--- Available data ---
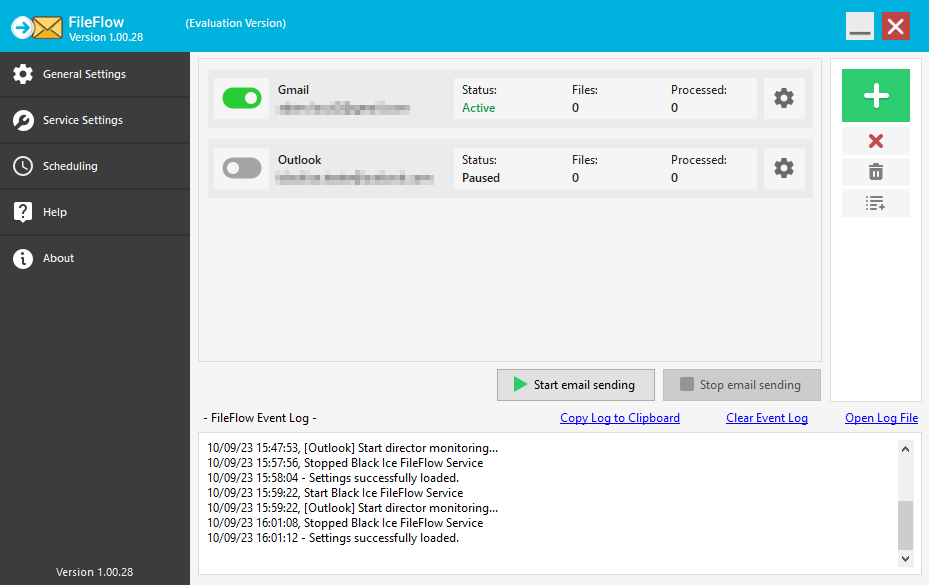 To add email accounts for email sending and folder monitoring, and configure email settings, please click on the Add
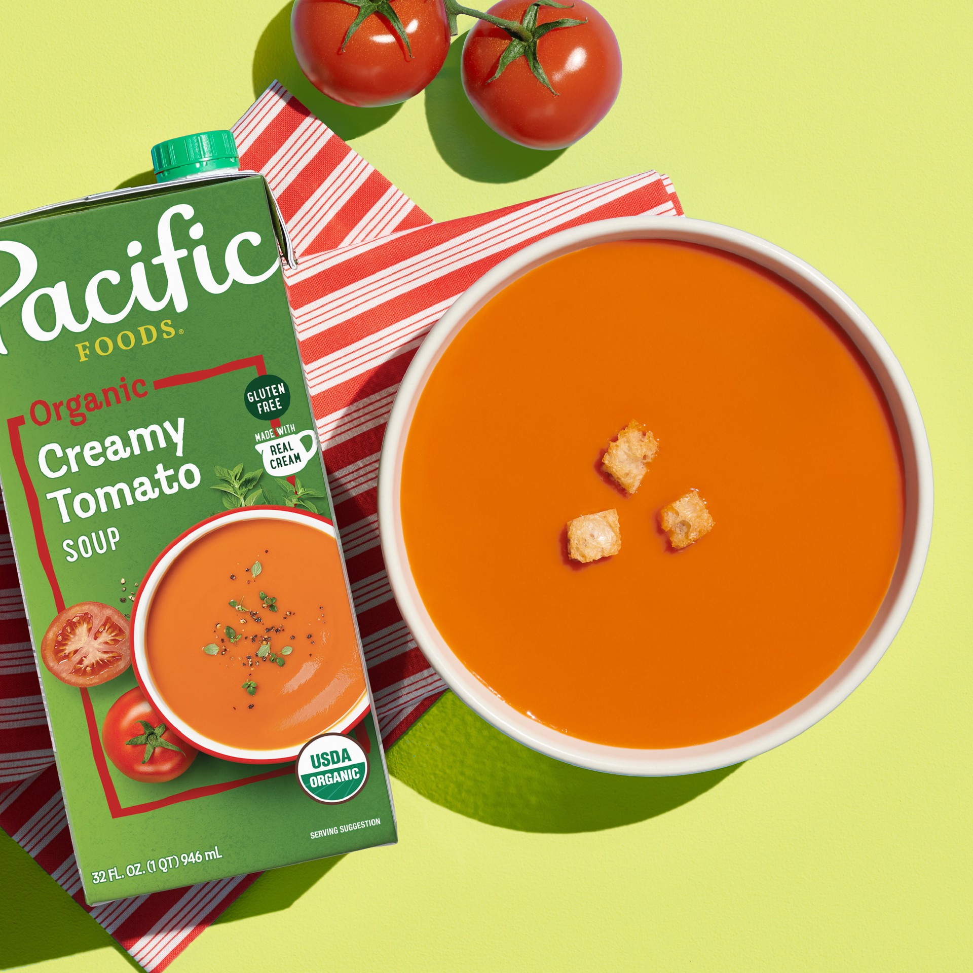Immerse your taste buds into something truly unique with Pacific Foods Organic Creamy Tomato Soup. Rich and tangy, this USDA Organic soup is consciously crafted with non-GMO ingredients, including vin…
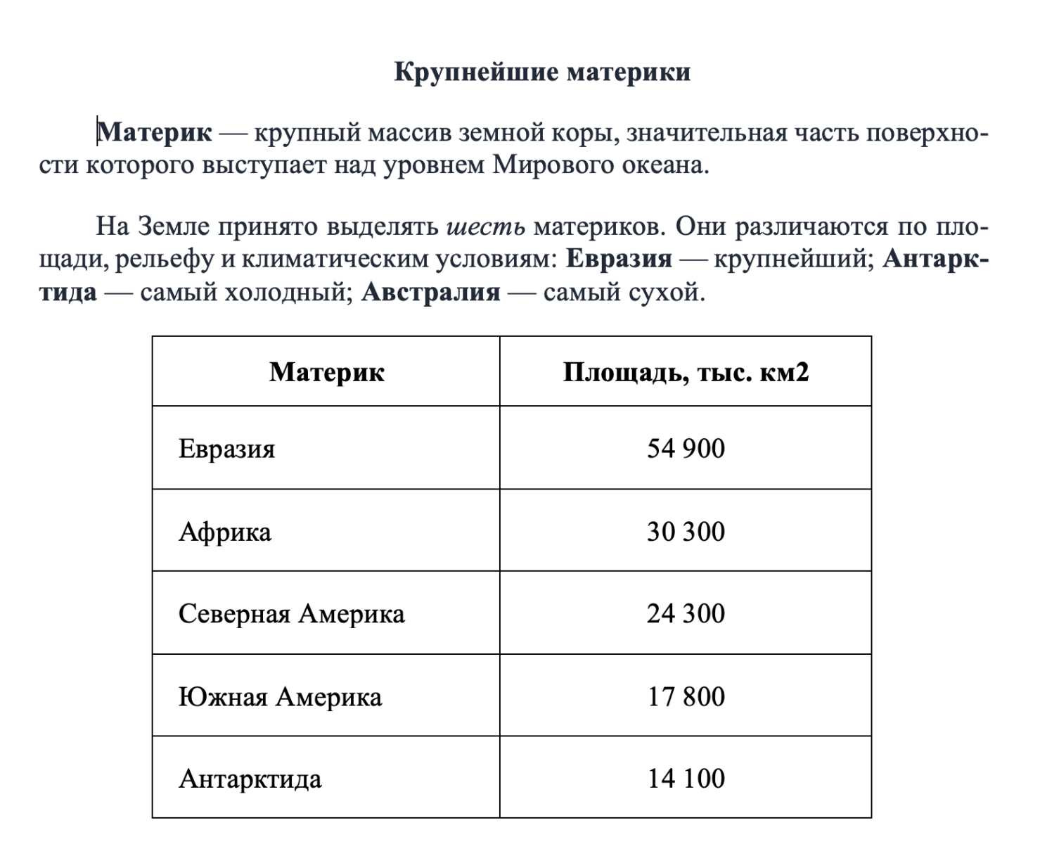 Данный текст содержит два абзаца, заголовок и таблицу, должен быть набран шрифтом размером 14 пунктов обычного начертания. Отступ первой строки абзацев основного текста — 1 см. Расстояние между строками текста не менее одинарного, но не более полуторного междустрочного интервала. Основной текст выровнен по ширине; заголовки в тексте и таблице — по центру; в ячейках первого столбца применено выравнивание по левому краю; в ячейках второго столбца — по центру. В основном тексте и таблице есть слова, выделенные полужирным шрифтом, курсивом или подчёркиванием. Таблица выровнена на странице по центру по горизонтали. Ширина таблицы меньше ширины основного текста.

--- Assigned task ---
Copy all the material word for word, minus its pictures.

--- Task answer ---
 To add email accounts for email sending and folder monitoring, and configure email settings, please click on the Add
Immerse your taste buds into something truly unique with Pacific Foods Organic Creamy Tomato Soup. Rich and tangy, this USDA Organic soup is consciously crafted with non-GMO ingredients, including vin…
 Данный текст содержит два абзаца, заголовок и таблицу, должен быть набран шрифтом размером 14 пунктов обычного начертания. Отступ первой строки абзацев основного текста — 1 см. Расстояние между строками текста не менее одинарного, но не более полуторного междустрочного интервала. Основной текст выровнен по ширине; заголовки в тексте и таблице — по центру; в ячейках первого столбца применено выравнивание по левому краю; в ячейках второго столбца — по центру. В основном тексте и таблице есть слова, выделенные полужирным шрифтом, курсивом или подчёркиванием. Таблица выровнена на странице по центру по горизонтали. Ширина таблицы меньше ширины основного текста.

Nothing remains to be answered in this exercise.